See documentation on in the data type @ref _QCBORItem for all the
details on what is returned.
This function handles arrays and maps. When first encountered a @ref
QCBORItem will be returned with major type @ref QCBOR_TYPE_ARRAY or
@ref QCBOR_TYPE_MAP. @c QCBORItem.val.uCount will indicate the number
of Items in the array or map. Typically, an implementation will call
QCBORDecode_GetNext() in a for loop to fetch them all. When decoding
indefinite-length maps and arrays, @c QCBORItem.val.uCount is @c
UINT16_MAX and @c uNextNestLevel must be used to know when the end of
a map or array is reached.
Nesting level 0 is the outside top-most nesting level. For example,
in a CBOR structure with two items, an integer and a byte string
only, both would be at nesting level 0. A CBOR structure with an
array open, an integer and a byte string, would have the integer and
byte string as nesting level 1.
Here is an example of how the nesting level is reported with no arrays
or maps at all.
@verbatim
CBOR Structure Nesting Level
Integer 0
Byte String 0
@endverbatim
Here is an example of how the nesting level is reported with a simple
array and some top-level items.
@verbatim
Integer 0
Array (with 2 items) 0
Byte String 1
Byte string 1
Integer 0
@endverbatim
Here's a more complex example
@verbatim
Map with 2 items 0
Text string 1
Array with 3 integers 1
integer 2
integer 2
integer 2
text string 1
byte string 1
@endverbatim
In @ref _QCBORItem, @c uNextNestLevel is the nesting level for the
next call to QCBORDecode_GetNext(). It indicates if any maps or
arrays were closed out during the processing of the just-fetched @ref
QCBORItem. This processing includes a look-ahead for any breaks that
close out indefinite-length arrays or maps. This value is needed to
be able to understand the hierarchical structure. If @c
uNextNestLevel is not equal to @c uNestLevel the end of the current
map or array has been encountered. This works the same for both
definite and indefinite-length arrays.
This decoder support CBOR type 6 tagging. The decoding of particular
given tag value may be supported in one of three different ways.
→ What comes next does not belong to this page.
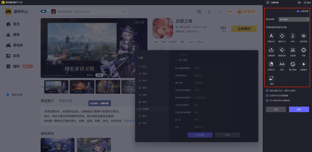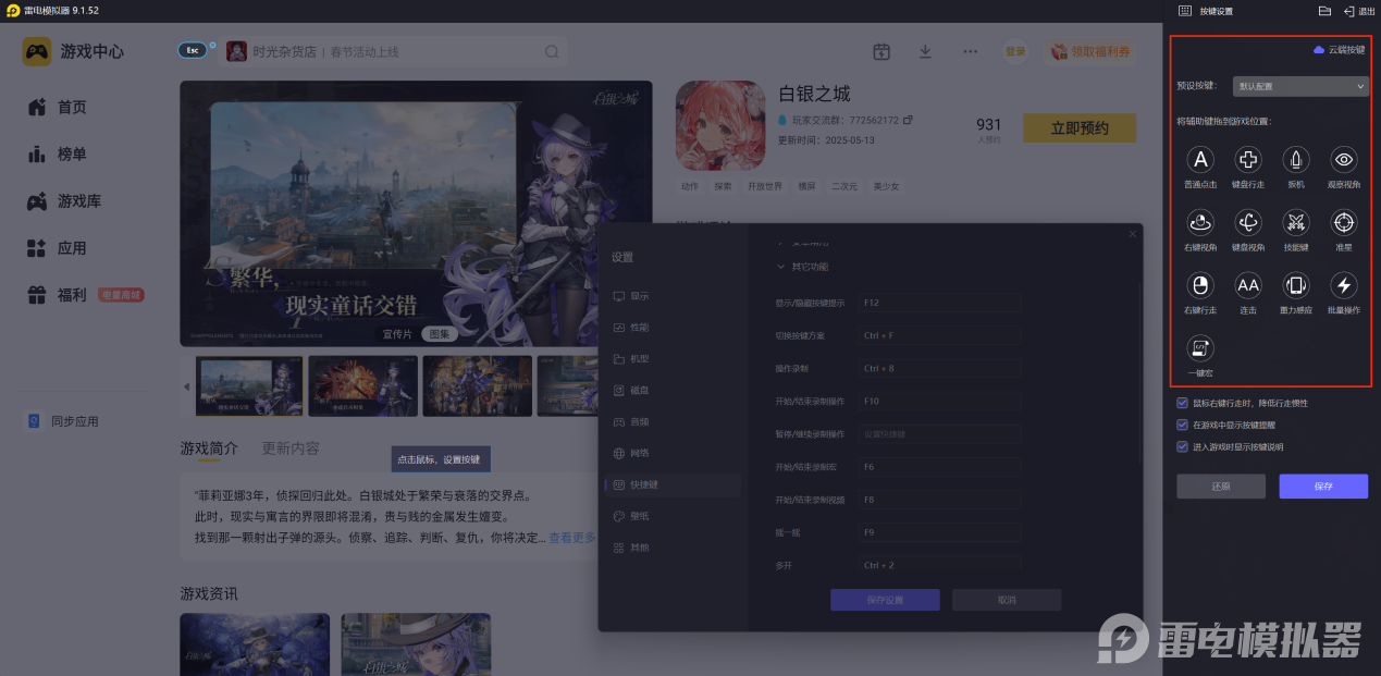 雷电模拟器支持自定义键盘映射,玩家可将游戏中的移动、技能释放、视角切换等操作绑定到键盘和鼠标,实现PC端“ WASD移动+鼠标瞄准”的精准操作,尤其适合白银之城中的战斗、解谜等需要快速反应的场景,操作效率远超手机触屏。

First, some common tags are fully and transparently supported by
automatically decoding them and returning them in a @ref QCBORItem.
These tags have a @c QCBOR_TYPE_XXX associated with them and manifest
pretty much the same as a standard CBOR type. @ref
QCBOR_TYPE_DATE_EPOCH and the @c epochDate member of @ref QCBORItem
is an example.
Second are tags that are automatically recognized, but not decoded.
These are tags that have a @c \#define of the form @c CBOR_TAG_XXX.
These are recorded in the @c uTagBits member of @ref QCBORItem. There
is an internal table that maps each bit to a particular tag value
allowing up to 64 tags on an individual item to be reported (it is
rare to have more than one or two). To find out if a particular tag
value is set call QCBORDecode_IsTagged() on the @ref QCBORItem. See
also QCBORDecode_GetNextWithTags().
Third are tags that are not automatically recognized, because they
are proprietary, custom or more recently registered with [IANA]
(https://www.iana.org/assignments/cbor-tags/cbor-tags.xhtml). The
internal mapping table has to be configured to recognize these. Call
QCBORDecode_SetCallerConfiguredTagList() to do that. Then
QCBORDecode_IsTagged() will work with them.
The actual decoding of tags supported in the second and third way
must be handled by the caller. Often this is simply verifying that
the expected tag is present on a map, byte string or such. In other
cases, there might a complicated map structure to decode.
See @ref Tags-Overview for a description of how to go about creating
custom tags.
This tag decoding design is to be open-ended and flexible to be able
to handle newly defined tags, while using very little memory, in
particular keeping @ref QCBORItem as small as possible.
If any error occurs, \c uDataType and \c uLabelType will be set
to \ref QCBOR_TYPE_NONE. If there is no need to know the specific
error, \ref QCBOR_TYPE_NONE can be checked for and the return value
ignored.
Errors fall in several categories as noted in list above:
- Not well-formed errors are those where there is something
syntactically and fundamentally wrong with the CBOR being
decoded. Encoding should stop completely.
- Invalid CBOR is well-formed, but still not correct. It is probably
best to stop decoding, but not necessary.
- This implementation has some size limits. They should rarely be
encountered. If they are it may because something is wrong with the
CBOR, for example an array size is incorrect.
- Resource exhaustion. This only occurs when a string allocator is
configured to handle indefinite-length strings as other than that,
this implementation does no dynamic memory allocation.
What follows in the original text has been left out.